DRW wrote:
I.e. the old function might have solved the issue that I had back then. (I didn't try it out since I used memcpy instead.) But it would still not have been the answer to my current question because if I rewrite a generic memcpy function myself, I would still want to use actual parameters nevertheless, not global variables.
Both use the global static variables in the same way, the only difference internally is that the assignment of ptr0/ptr1 happens at call time for the "static passing" version, and it happens inside the function for the "stack passing" version. Both functions use those two static variables, and the "stack passing" version is merely wasting its time putting them on the stack and taking them directly off the stack again before putting them in the two static variables.

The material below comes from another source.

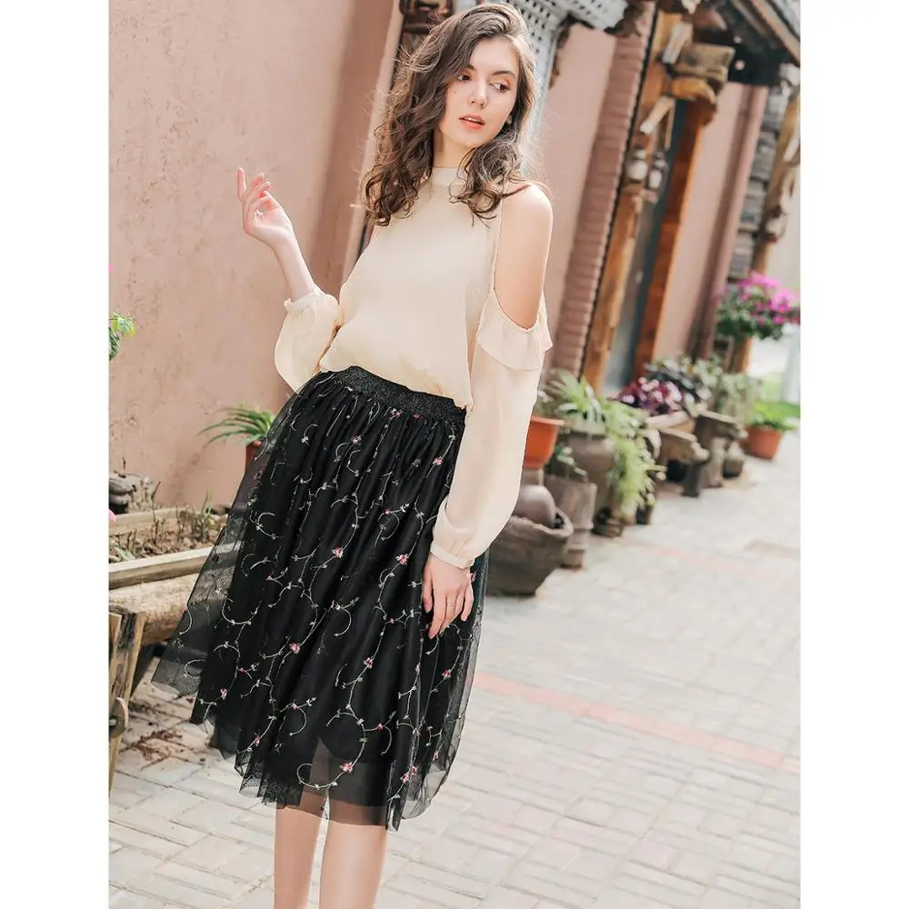 Женская фатиновая юбка с вышивкой, черная или белая юбка-пачка с высокой талией и цветочным принтом, в винтажном стиле, 2021

They are both valid methods of having parameters to a function. Aside from the speed difference, the code difference is a few extra lines of assembly for the "stack passing" method, versus a few extra lines of declaration in a header for the "static passing" method.

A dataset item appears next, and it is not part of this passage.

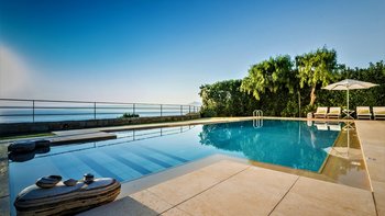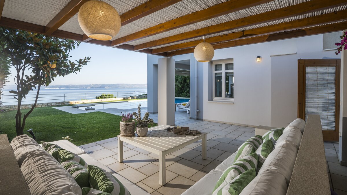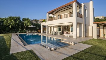 Diese schicke und moderne Luxusvilla liegt oberhalb des Wassers am Rande eines hübschen Fischerdorfes und bietet hohe Standards, feine Einrichtungen und einen herrlichen Blick auf die Küste und das kretische Meer.

The reason you don't see static passing as much is mainly just that on most platforms, local and stack based variables are cheap and fast. This is not the case for 6502, and it's doubly not the case for CC65 which uses its own software C-stack instead of the hardware stack (not sure why it has this design).
So, in the absence of a performance disadvantage, the stack passing idiom is a better default, just because it keeps all your variables locally contained, which is a nice feature, but it's really a very specific/situational advantage. With CC65 you are trading performance for that advantage, though. Are you favouring stack based parameters because you actually need local encapsulation, or is it just because it "feels more like C"?
I'm not saying that you should always do it one way or the other, and of course you should do what seems best for you. I'm just trying to explain why in this specific case the stack passing method seems wholly inferior to me.
Quote:
But if my thread topic is explicitly "How do I use function parameters in Assembly", then the fact that a new function differs in nothing but in the fact that it uses function parameters makes all the difference.
Yes, I wrote the modified version entirely as a demonstration of how to use C-stack based parameters from assembly.